We have never seen crowds at Mt. Bachelor like we’ve seen at Park City. We have always just walked up to a lift and gotten on. At other times, we were the only ones on a run. The mountain has a natural layout where the easier runs are on the left, and get progressively steeper as you move to the right. This creates a natural separation for the beginners, which is great.
I cannot praise the ski school at Mt. Bachelor enough. They managed to teach a knock-kneed 40-something woman how to ski, when all others had basically failed. You can read my glowing review of my lesson in the choosing a ski resort section.
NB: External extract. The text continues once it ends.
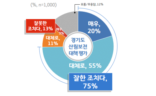 °æ±âµµ¹Î 4¸í Áß 3¸íÀÌ °æ±âµµ°¡ Áö³ÇØ ÃßÁøÇÑ Ã»Á¤»ê¸²º¸Àü ´ëÃ¥¿¡ ´ëÇØ ±àÁ¤ÀûÀ¸·Î Æò°¡ÇÑ´Ù´Â Á¶»ç°á°ú°¡ ³ª¿Ô´Ù.

I was pleasantly surprised by the food at Mt. Bachelor. I never know what to expect, because I’ve had gourmet-type meals, to food that tasted like it was heated up from a can at the various ski resorts. They served good, healthy food, and had vegetarian options like a tasty lentil soup available, and really tasty, good, black bean burritos. I’m actually not vegetarian but know that fiber gives you better slow-release energy, so chose these types of meals there. They also had a nice pizza place at the top, with gourmet type toppings. So there’s a variety of dining options, and all were good. We even had the Easter brunch one year, and it was a good value with a decent variety.
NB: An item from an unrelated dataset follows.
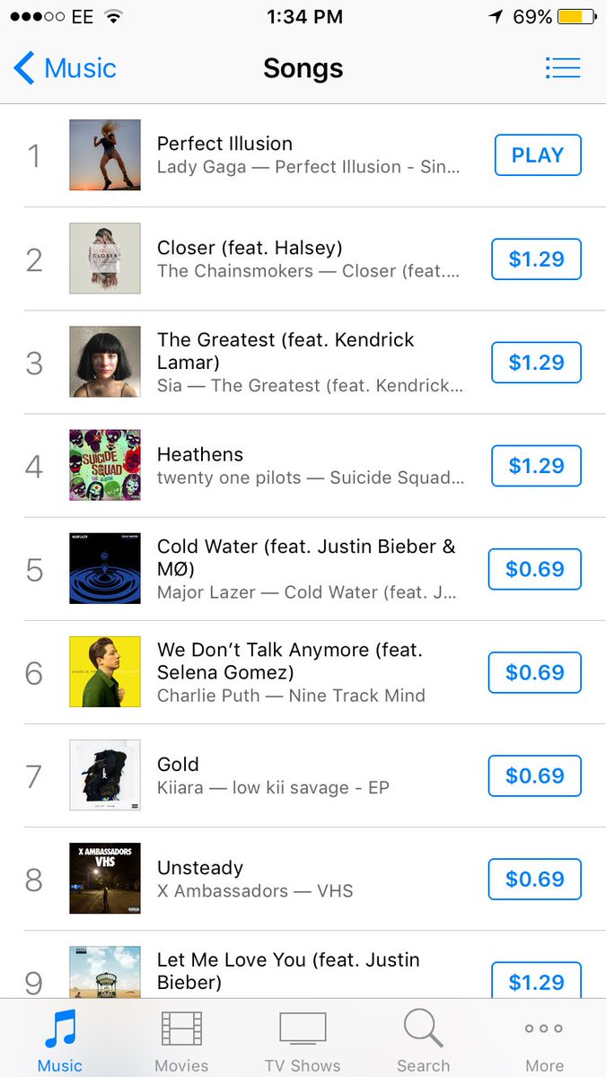 As at writing, the Mark Ronson, BloodPop, and Kevin Parker production occupies the top spot of iTunes US and UK.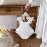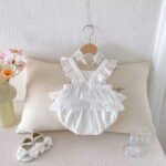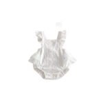 thin style cotton embroidered baby white lace sleeveless backless jumpsuit with hair bow

This is the easiest resort we’ve ever driven to. One straight (no switchbacks) road takes you from the city of Bend directly to Mt. Bachelor, and eventually you turn left into the resort. The first left will take you to the beginner’s area, with ample free parking, and the second left will take you to the main area, also with ample free parking. The snow was so deep at the end of one day, that we skied right to our car in the beginner parking lot, because there was over a foot of snow surrounding all the cars. If you take your skis off at the car, is that what you call ski-in, ski-out?
There are two ways to fly to get to Mt. Bachelor: land in Portland and drive for 3+ hours over a 2-lane road that can be dangerous if icy, or fly into the much smaller Redmond airport, which is less than a half hour away. We flew into Portland the first year, and made a sightseeing trip out of the drive over and back. The second year, we flew into Redmond, which saved us a day each way of driving and having to overnight in Portland. Because the drive to and from Portland passes some scenic areas with waterfalls (Columbia River Gorge National Scenic Area and Silver Falls State Park), it’s a nice addition to your vacation, if you can add a few days to your trip. Otherwise you will have to subtract a few days from your normal skiing time.
The snow forecast this season says the Pacific Northwest is the place to be, and we might just return to Mt. Bachelor again.